De saída, portanto, lembremos a segunda formulação do imperativo categórico kantiano: “age de tal maneira que uses a humanidade, tanto na tua pessoa como na pessoa de qualquer outro, sempre e simultaneamente como fim e nunca simplesmente como um meio” (KANT, 2008, p 73). Segundo Ricoeur, nesta fórmula, a ideia de pessoa como fim em si vem para equilibrar o formalismo característico do primeiro imperativo. O formalismo, ao seu turno, adiciona à solicitude – e, de maneira geral, a moral adiciona à ética – a interdição à violência. Ademais, para Ricoeur (2008a, p. 166), “quando Kant diz que não se deve tratar a pessoa como um meio, mas como um fim em si, ele pressupõe que a relação espontânea de homem a homem é, precisamente, de exploração”, isto é, a violência de uma vontade sobre a outra é inerente à própria estrutura da relação de homem a homem. Em função disto, passam ao primeiro plano as relações em que as trocas humanas são marcadas pela assimetria, relações em que “um exerce um poder sobre o outro”, e, portanto, “ao agente corresponde um paciente”, uma potencial vítima da ação (RICOEUR, 2008a, p. 166-67).
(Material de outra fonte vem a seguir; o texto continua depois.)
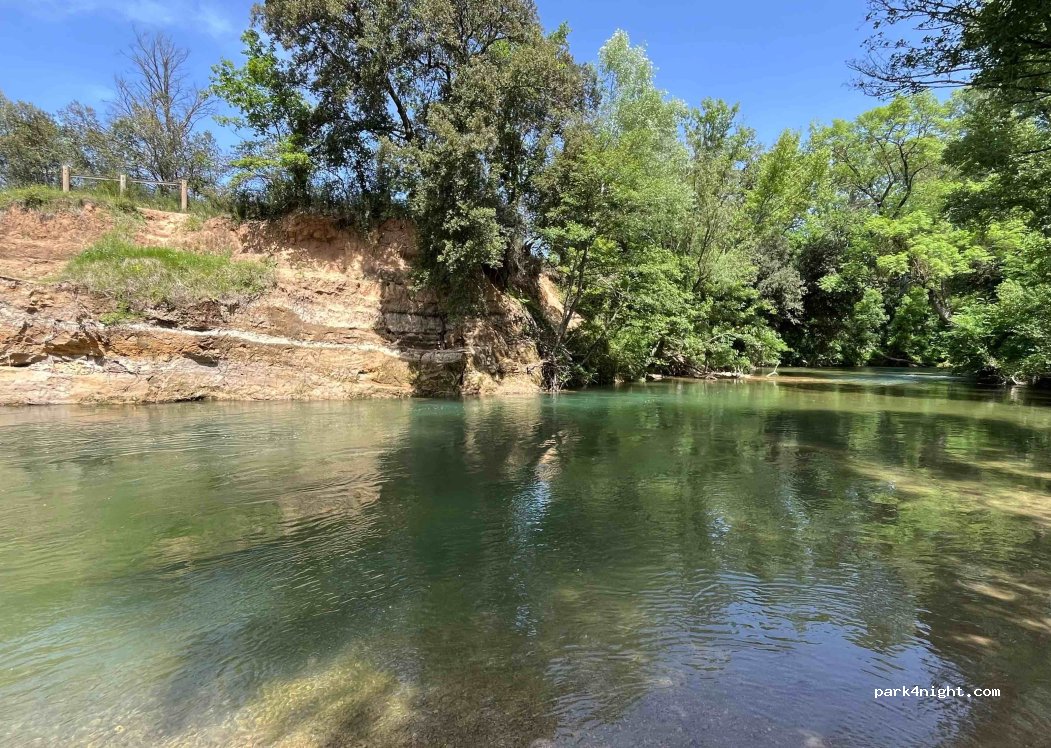 Parking bien aménagé et ombragé au bord d'une petite route. Taille des places Ok pour van et fourgon. Route relativement étroite pour accéder au parking. Lieu très prisé en pleine saison par les locaux pour la baignade. Nuit calme et fraîche. Aucun service. Panneau interdiction de se baigner car baignade non surveillée = commune non responsable en cas d'accident.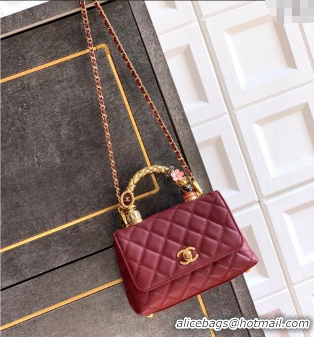 Popular Style Chanel Calfskin Leather Mini Flap Bag with Top Handle and Charm CH112701 Burgundy 2025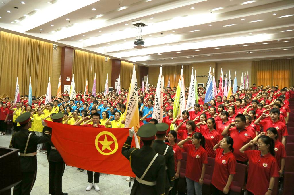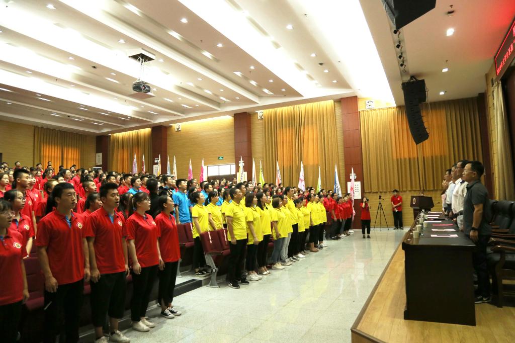 6月28日下午2:30,我院在学术报告厅举办了2019年大学生暑期“三下乡”暨“万名学子扶千村”社会实践出征仪式暨志愿者培训会。学院党委书记张志华,副院长刘晓玉,副院长于新和,学工部部长、学生处处长雷旭,党政办主任宋波,管理学院党总支书记曾贵荣,经济与金融学院党总支书记曹耀辉,学生处副处长南校区负责人贺适出席了仪式。各志愿服务队49名指导教师、333名志愿者以及学生代表共计400余人参加仪式。出征仪式由团委书记窦曼娟主持。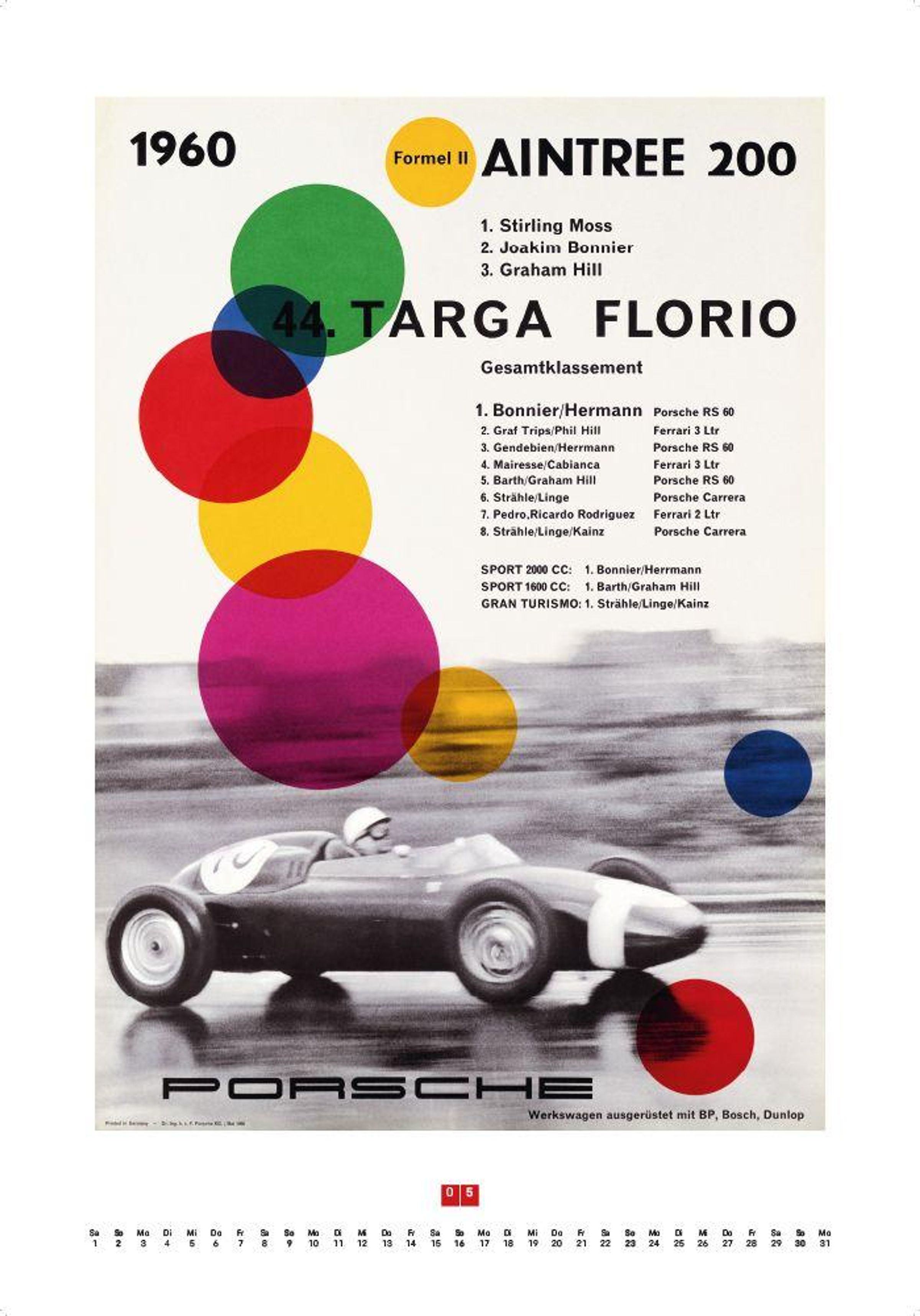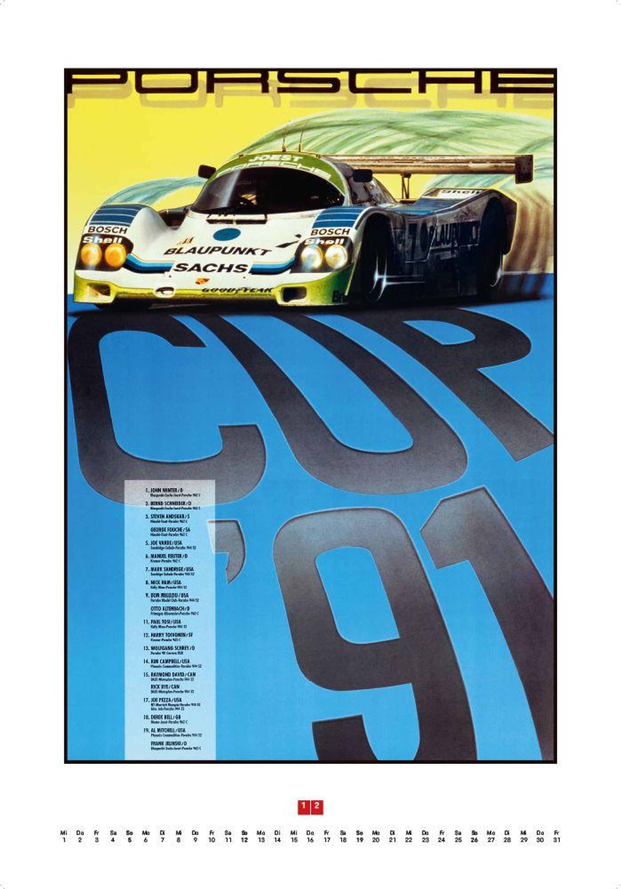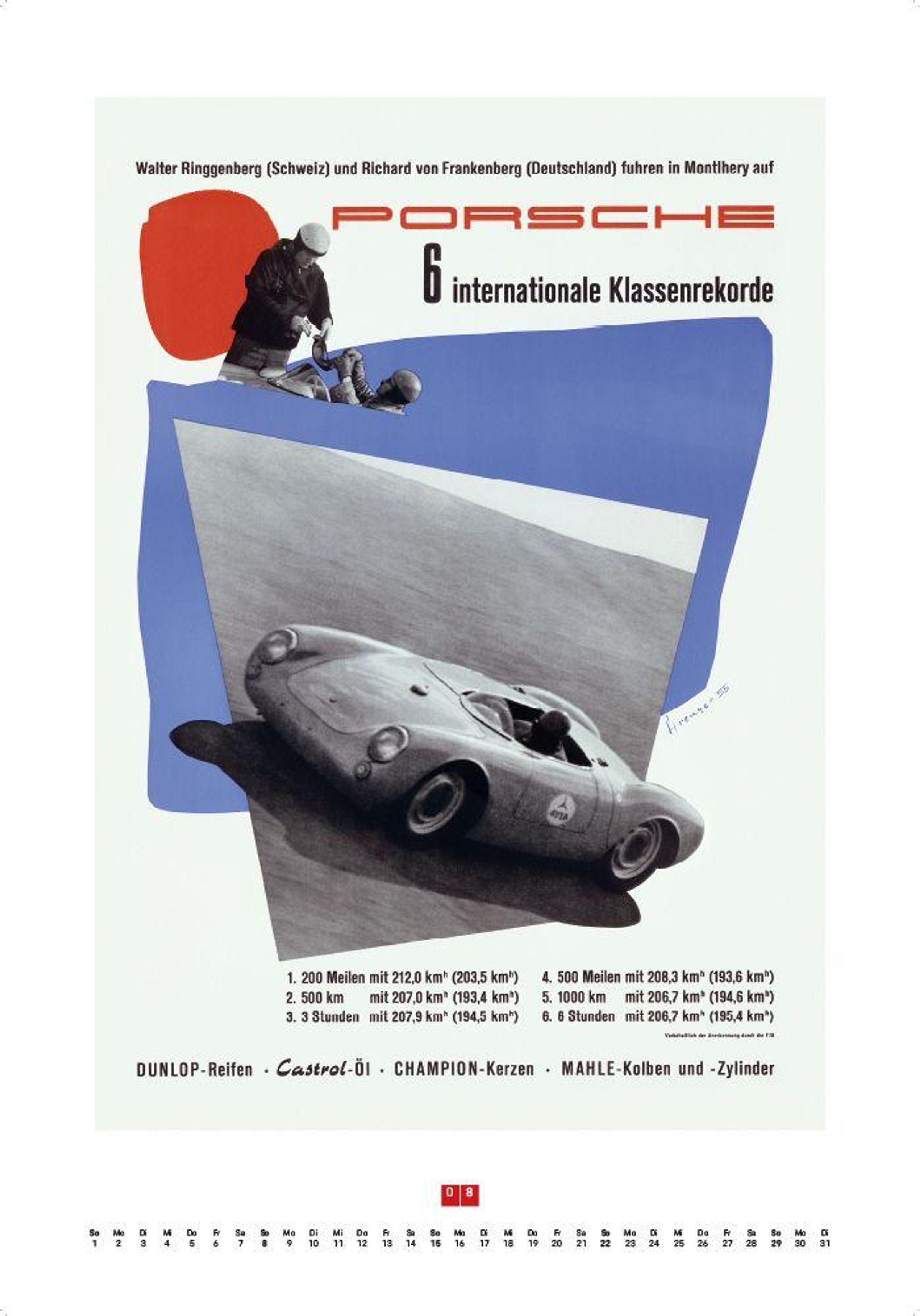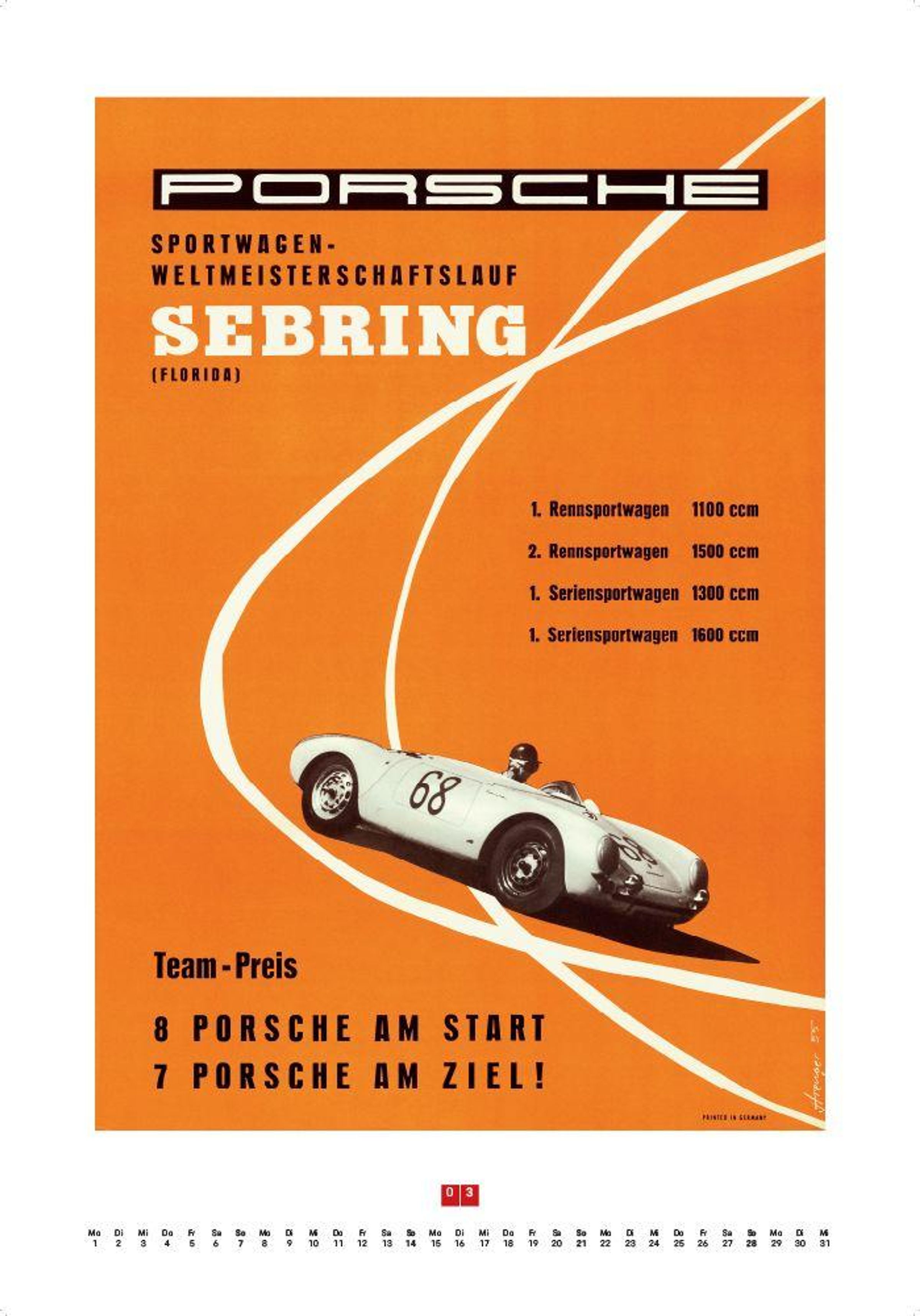 Dieser Kalender knüpft an die Tradition dieser preisgekrönten Grafik- und Designgeschichte an, die Porsche nach dem Tod Erich Strengers beibehalten hat, und präsentiert zwölf erlesene Motive. Enthalten sind außerdem Informationen zu den porträtierten Rennen sowie zu den abgebildeten Renn- und Straßenfahrzeugen.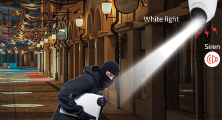 AI XVR (SMD Plus Feature) + Active Deterrence Camera When a person or vehicle intrudes the monitored scene, the SMD Plus feature identifies potential risk and sends alarm to the user immediately. At the same time, the active deterrence camera warns off the intruder with strong white light and siren (110dB).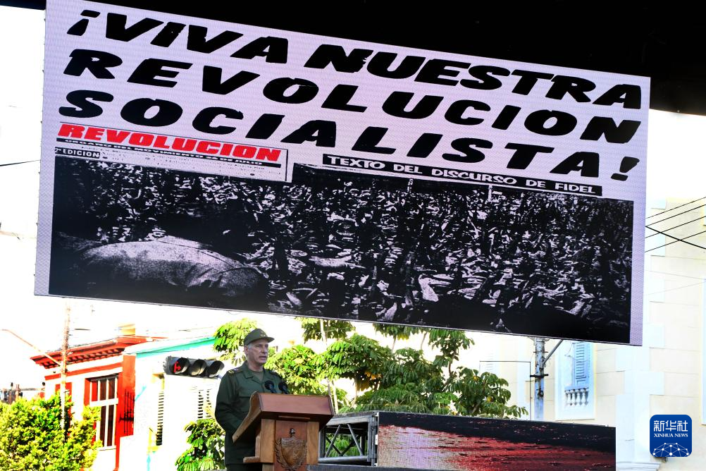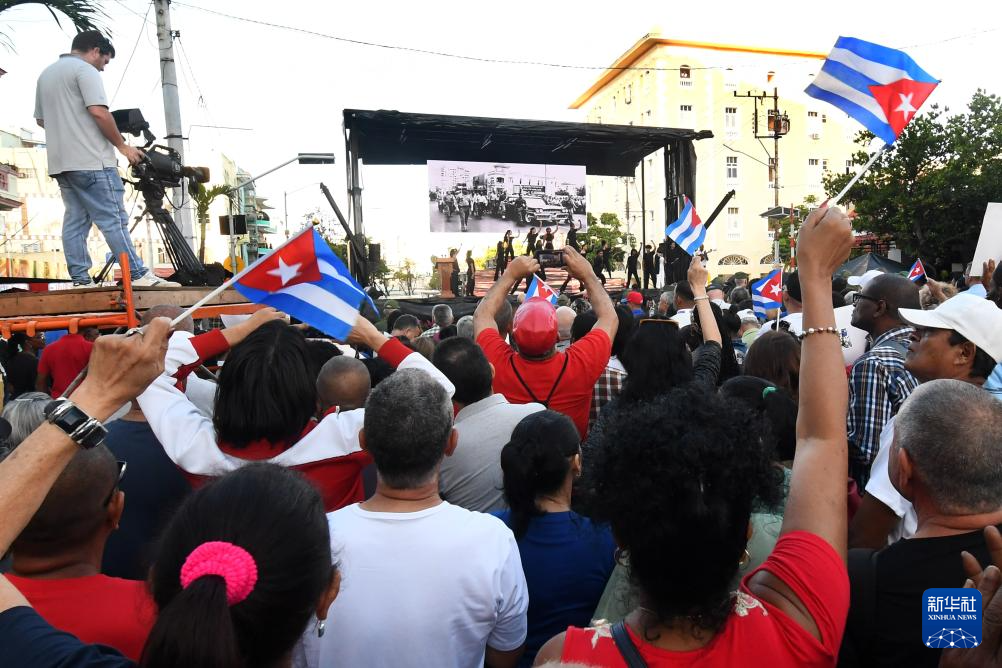 1961年4月16日,菲德尔·卡斯特罗正是在这一地点发表讲话,在悼念前一日美国飞机轰炸古巴空军基地遇难者的同时,宣布古巴开始实行社会主义革命。迪亚斯-卡内尔在集会上回顾了这段历史及古巴社会主义建设成就。他说,美国对古巴实施的封锁是古巴困难的主要原因。古巴不是一个失败国家,而是一个被围困的国家,一个面临经济、金融和能源等多重封锁的国家,一个受到威胁但不屈服的国家。

Com efeito, essa modalidade de ação tem como base uma dissimetria inicial que sustenta “todos os desvios maléficos da interação”, os quais se estendem desde a simples influência sobre a vontade alheia até encontrar seu ponto culminante na tortura e no homicídio. Todas as figuras do mal que adentram a dimensão intersubjetiva estabelecida pela solicitude ganham seu contraponto na série de prescrições, interdições, proibições. Estas, por sua vez, ganham seus contornos precisos em acordo com as diferentes formas de interação violenta. Deste modo, “a moral (...) é a figura que a solicitude assume diante da violência e

da ameaça da violência” (RICOEUR, 1995, p. 167, grifo do autor). Portanto, o comando

proibitório impetrado pela solicitude tem essa forma justamente por causa do mal. Por conseguinte, a forma negativa da proibição torna-se inexpugnável. Todavia, se é esse o sentido implícito na formalização kantiana, para Ricoeur, a segunda formulação do imperativo categórico não faz mais do que racionalizar a antiga Regra de Ouro. Esta, com efeito, exprime uma regra de reciprocidade, na medida em que pede que não se faça ao outro o que não se quer que seja feito a si. E essa racionalização, é certo, visa eliminar precisamente a natureza

teleológica da Regra de Ouro, em uma formalização levada a cabo pela introdução por Kant da ideia de humanidade, “ideia que é a forma concreta e, se podemos dizer, histórica da autonomia” (RICOEUR, 1995, p. 167). No entanto, precisamos enfatizar que Ricoeur considera a Regra de Ouro superior à sua versão formalizada (na moral kantiana), visto que nela a alteridade concreta não está suprimida pela ideia de humanidade. Nesse sentido, a Regra de Ouro parece manter em seu núcleo uma noção de alteridade que condiz melhor com a natureza das relações interpessoais.